Solan: Naincy Sagar, an alumna of Dr. YS Parmar University of Horticulture and Forestry, Nauni has bagged a fellowship for pursuing PhD from France. Nancy has reached France and will be pursuing PhD in Forest Genetics from the University of Orléans under INRAE fellowship. INRAE is France’s National Research Institute for Agriculture, Food and Environment.

Naincy has completed her BSc Forestry from College of Horticulture and Forestry (COH&F), Neri in 2018 and MSc Forest Biology and Tree Improvement and Genetic Resources from UAS, Dharwad, under ICAR’s National Talent Scheme. Before leaving for France last week, Naincy was working as a Junior Research Fellow in a research project at COH&F, Neri.

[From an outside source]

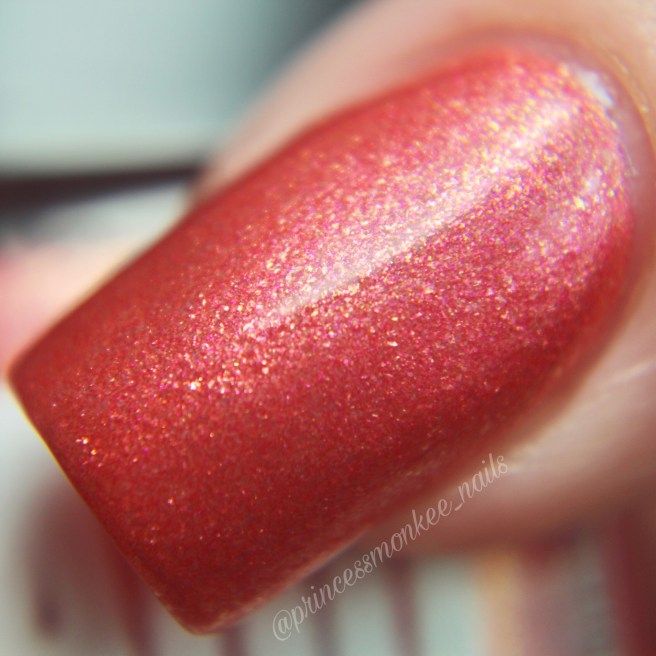 Up next is the beautiful “Coral Reef”. One second this looks mid-pink, the next, bright coral. This would be perfect for some summer nail art 🙂 The shimmer in this looks silver, gold and pink. It is also a little lighter than shown here but it made my camera a bit crazy!

She had applied for a PhD with a scholarship in Forest Genetics which was advertised by INRAE. Naincy was successful in the interview and was awarded a fellowship for three years for pursuing PhD at the University of Orléans. During the course of the PhD, she will receive a total scholarship of around Rs 70 lakh along with medical reimbursement. Naincy will be working on forest tree larch species in the Project titled ‘Vigour at what cost? ‘Trade-off’ of hybrid vigour in Larch-Phenological, morphological and physiological determinants of hybrid superiority in Larix X eurolepis’ with a team of 20 scientists of Joint Integrated Biology Research Unit having expertise in genetics, genomics and physiology for the enhancement of tree and forest diversity

Dr. Parvinder Kaushal, Vice-Chancellor of the university spoke to Naincy via web conferencing and congratulated her. Dr. Kaushal, who has also done his doctorate from France, shared some tips and suggestions. He asked Naincy to explore this opportunity to learn about new cultures along with doing research that could help to enhance and conserve forest wealth in the future.

Naincy expressed gratitude towards her father Satya Prakash Sagar (Retd. SDO BSNL) and mother Monika Sagar, who is working as SDO in BSNL for their continuous support for higher studies. She also thanked Vice-Chancellor Dr. Parvinder Kaushal, Dean Dr. Kamal Sharma and Dr. Dushyant Sharma, Project Investigator and all the university staff for their support and guidance. The university administration, Dean of COH&F Neri congratulated Naincy and wished her success.